Lincoln Gas & Elec. Light Co. v. Lincoln, 223 U.S. 349 (1912)

Lincoln Gas & Electric Light Company v. City of Lincoln

No. 83

Argued December 6, 7, 1911

Decided February 19, 1912

223 U.S. 349


Every legislative rate case presents three questions of prime importance: reasonable value of the plant; probable effect of the reduced rate upon future net income; deductions from gross receipts as a fund to preserve plant from depreciation.

A legislative rate for a public service corporation is presumed to be sufficient to produce a fair return on the plant, and the burden of showing that it is confiscatory rests upon those attacking it.

A public service corporation is entitled to a fair return upon the fair value of the plant at the time of the inquiry as to reasonableness of rates imposed, San Diego Land & Town Co. v. Jasper, 189 U. S. 439, but in this case, not decided what such a rate would be on a gas and electric plant in Nebraska.

Where a legislative rate contest involves ascertainment by testimony of experts and auditors of valuation of plant, capitalization, gross receipts, net earnings, depreciation, and other elements, the proper practice is to refer the case at the outset to a skilled master, upon whose report specific errors can be assigned and ruled upon. Chicago, Milwaukee & St. Paul Railway v. Tompkins, 176 U. S. 167.

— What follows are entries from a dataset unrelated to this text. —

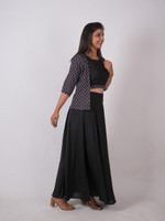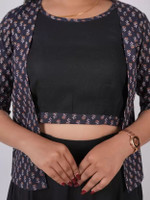 Featuring a blend of floral patterns the jacket and the border of the top with solid pattern, the set is an excellent choice for various occasions. Whether you are attending a casual party, a wedding, or a festive celebration, the set will ensure that you look put-together and elegant. The blend of patterns ensure a minimal yet creative look that ups your style game.
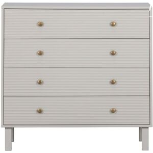 L'élégance de la simplicité. Madu est une commode élégante et pratique qui apportera une touche de modernité à votre intérieur. Fabriquée en pin avec une finition gris nuage, elle est à la fois intemporelle et tendance. Les boutons dorés ajoutent une touche de sophistication et de robustesse à l'ensemble. Avec ses quatre tiroirs spacieux, Madu offre beaucoup d'espace de rangement pour vos vêtements, votre linge de maison ou vos accessoires. Les tiroirs ont une largeur de 86 cm et une profondeur de 38 cm, de quoi stocker tout ce dont vous avez besoin. Les pieds de la commode sont équipés de patins en feutre pour protéger votre sol.
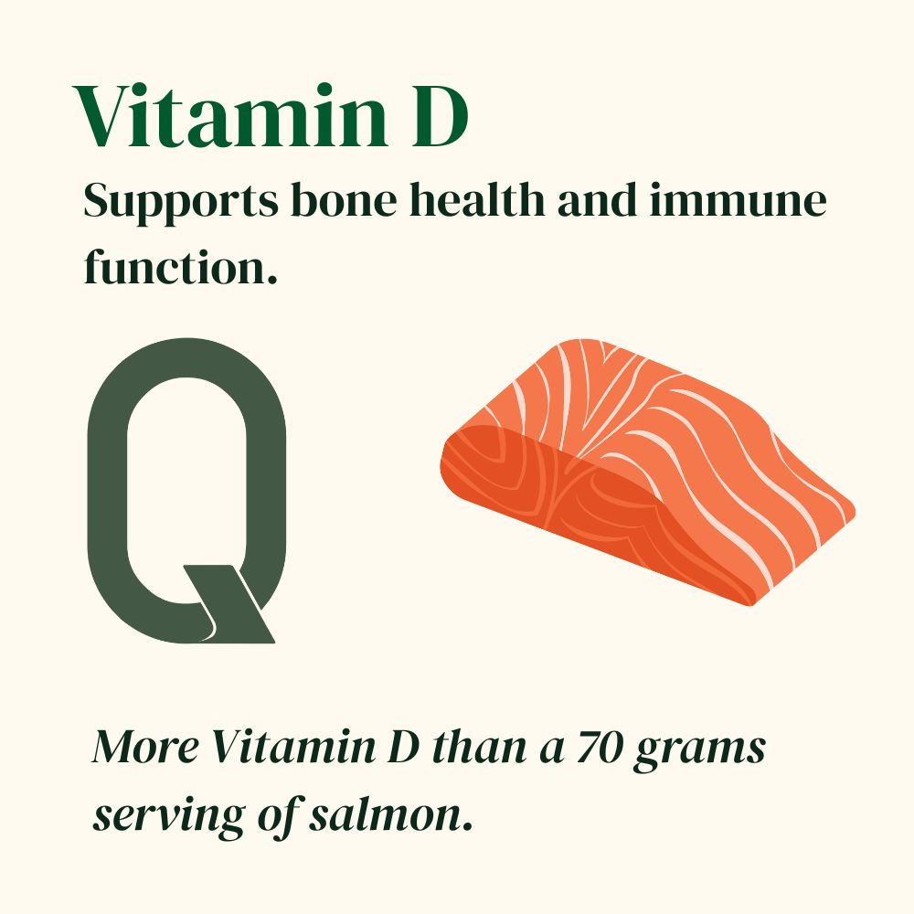 Our formulation provides 100% of your daily Vitamin D and B12 needs, helping your body thrive.
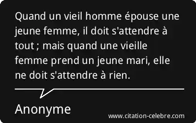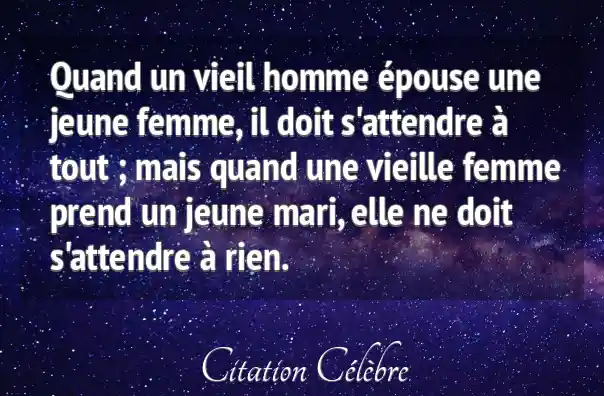 Quand un vieil homme épouse une jeune femme, il doit s'attendre à tout ; mais quand une vieille femme prend un jeune mari, elle ne doit s'attendre à rien.
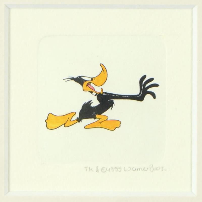 "Daffy Duck (Running)" is a limited edition etching on paper with hand-tinted coloring from Warner Bros, numbered and dated 1999. This piece comes framed. Measures approx. 9" x 9" (with frame), 1" x 2" (image).
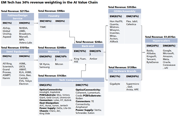 En mars 2024, au cours de notre précédente visite à Taïwan, on s'était concentré sur un seul thème : comment l'intelligence artificielle (IA) allait remodeler l'économie mondiale, et le rôle de TSMC en tant qu'acteur clé dans la fabrication de puces de haute performance (HPC) développées par Nvidia, AMD et Broadcom. Deux ans plus tard, cette hypothèse a gagné en crédibilité : les 4 principaux hyperscalers (Google, Amazon, Microsoft et Meta) ont augmenté leurs dépenses d'investissement dans l'IA, passant de 200Md$ en 2024 à 620Md$ en 2025. Pendant notre visite à Hong Kong, des inquiétudes ont été soulevées concernant un éventuel pic des dépenses d'investissement des hyper-scalers américains. Le stratègiste mondial de Jefferies a identifié 3 principaux risques : les doutes possibles des actionnaires des hyperscalers américains sur le retour sur investissement des dépenses en IA ; les contraintes en matière de production d'électricité aux États-Unis entraînant des retards dans la construction des data centers et la hausse des spreads des swaps de défaut sur Oracle et Core Weave (hyper-scalers de niveau 2). Cependant, sur le terrain à Taipei, la situation était très différente. Toutes les entreprises que nous avons rencontrées dans la chaîne d’approvisionnement de l’IA – fournisseurs de boîtiers, fabricants d’équipements et concepteurs de puces – nous ont transmis le même message : « La demande de puces haute performance accélère, mais l’offre reste structurellement limitée, et en plus, la complexité de production nécessaire pour répondre à cette demande continue d’augmenter». Nous attribuons cette confiance dans la chaîne d'approvisionnement aux signaux provenant directement de TSMC. L'entreprise a augmenté son plan d'investissements (capex) de 30 à 40%, le portant à 52-56Md$ en 2026, avec ~20% dédiés aux infrastructures de back-end. L'augmentation de l'allocation au back-end refléte le déplacement du point de blocage : de la fabrication front-end vers le packaging des puces HPC. Les nodes avancés de TSMC (2 et 3 nm) devrait atteindre des taux d’utilisation de 100% et 120% au 4T26. La capacité de packaging avancé CoWoS est déjà vendue avant même le début de la production et sera augmentée de 70 000 plaquettes/mois (4T25) à 170 000 plaquettes/mois (4T27). Même avec cette capacité accrue, les experts du secteur indiquent que la demande devrait toujours excéder l'offre de 15 à 20%. Dans ce contexte, nous ne sommes pas surpris que TSMC annonce des dépenses d'investissement supplémentaires, portant le total à 65-70 Md$ en 2027.
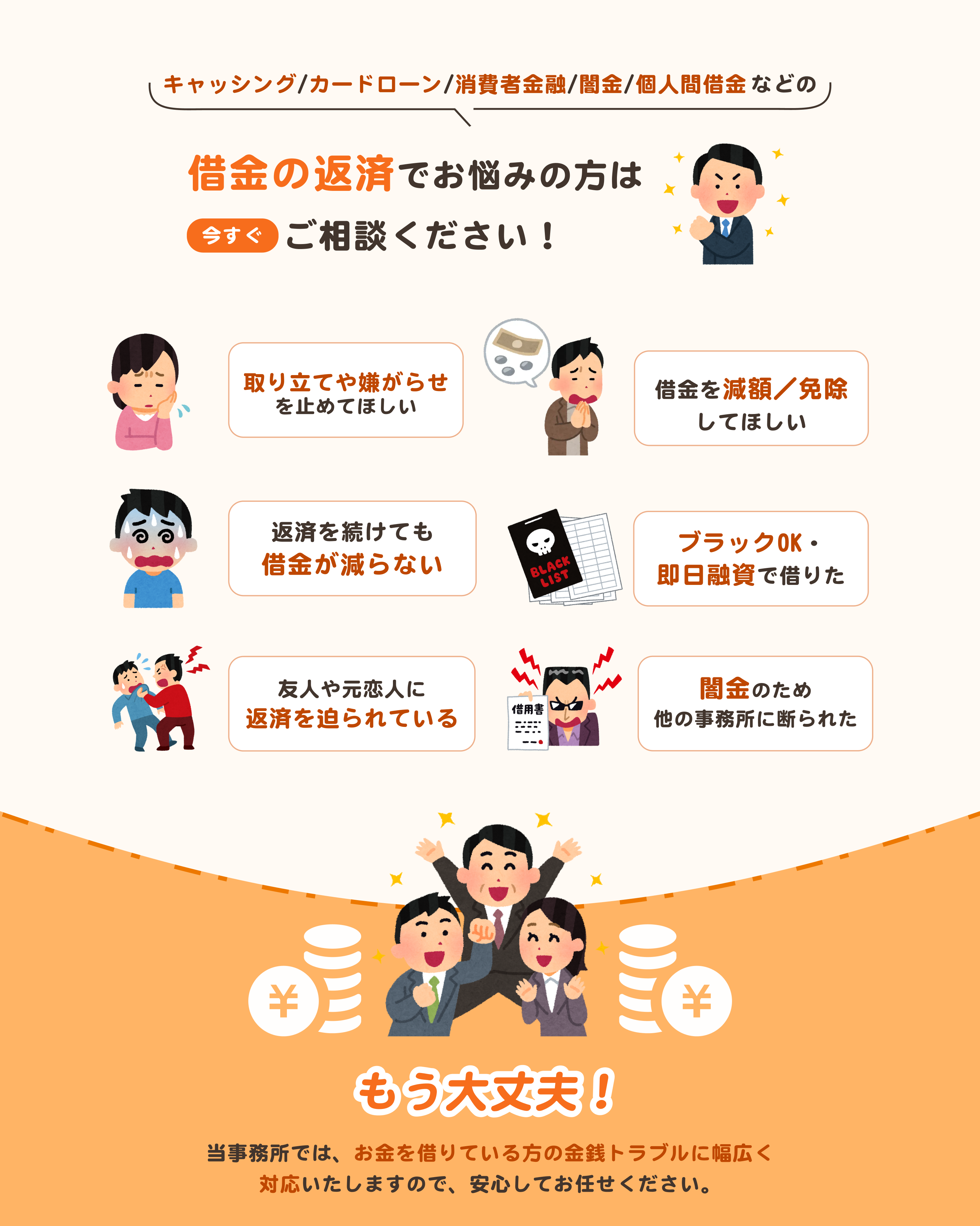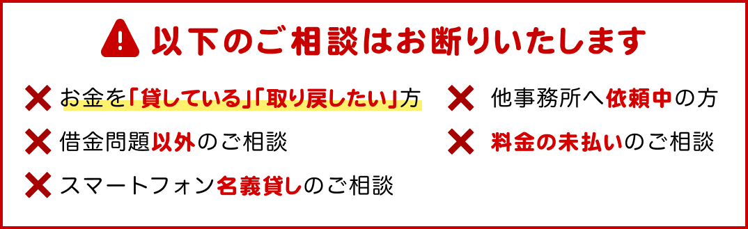 現在は催促などもなくなり、すっきりです。※表記の解決イメージないし事例は、過去の取り扱い事件を元に依頼者の特定を防止するため一部抽象化しております。
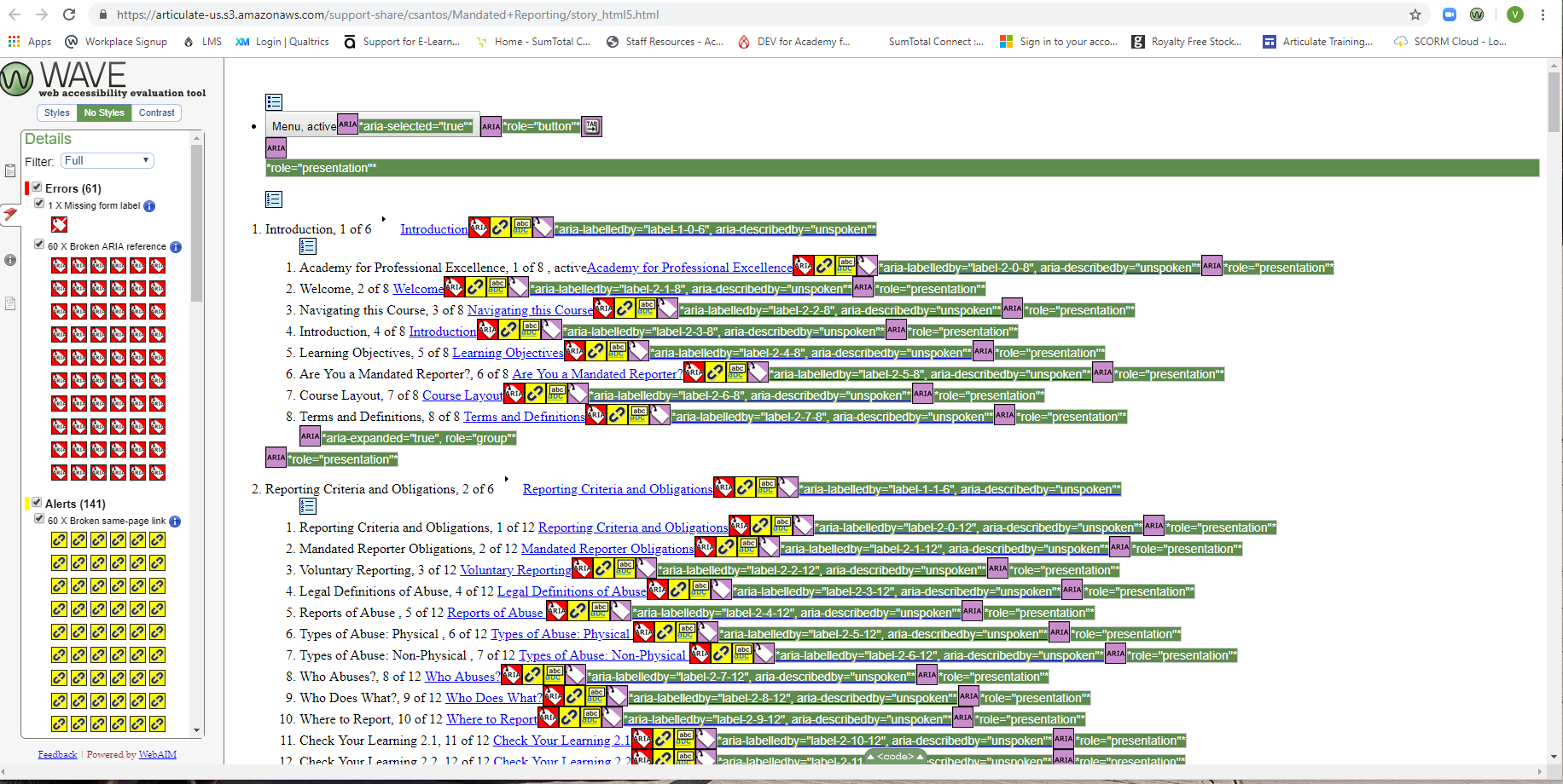 Hello, we are running into issues with stoyline 360 course that is resulting in Broken Aria references. We worked with an Articulate engineer to try and solve this issue and changed to the modern player. Unfortunately, our customer's testing is still coming up with the same issues. Can you assist in a solution for this? It appears that this issue is not something that is author controlled. Also wondering if this is an iFrame issue. Can you assist?
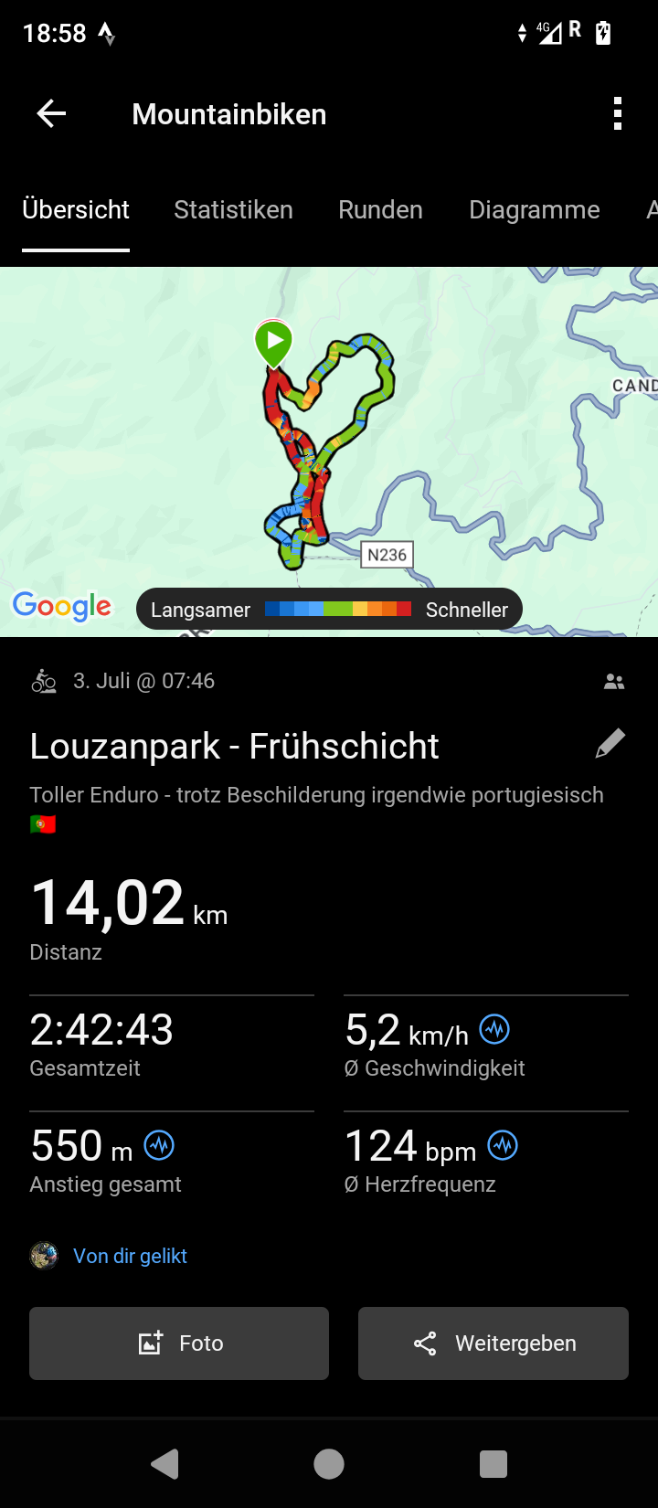 Etwas oberhalb von Coimbra gelegen sind Berge und ein durchaus touristischer Ort Names Lousa. In den Jahren 2020 und 2021 war hier im Louzanpark der UCI Downhillweltcup zu Gast. Von diesem Glamour ist leider nicht mehr viel übrig geblieben über die Jahre. Der Park ist zwar geöffnet und man könnte sich Shuttlen lassen, dafür fehlen aber unter der Woche die Mitstreiter! Lediglich ein paar Einheimische fahren Abends nach Feierabend eine Runde mit ihren E-MTB.

What sum should be annually deducted from gross or net receipts of a public service corporation for depreciation and replacement and how it should be applied are novel and grave problems, and, in the absence of a full report as to every element involved, this Court is not justified in passing upon them.

The operation of an ordinance establishing a rate for gas will not be enjoined unless complainant enters into a bond to account to consumers for all overcharges in case the ordinance is eventually sustained.

The facts, which involve the validity of an ordinance of the City of Lincoln, Nebraska, regulating charges for gas furnished to consumers, are stated in the opinion.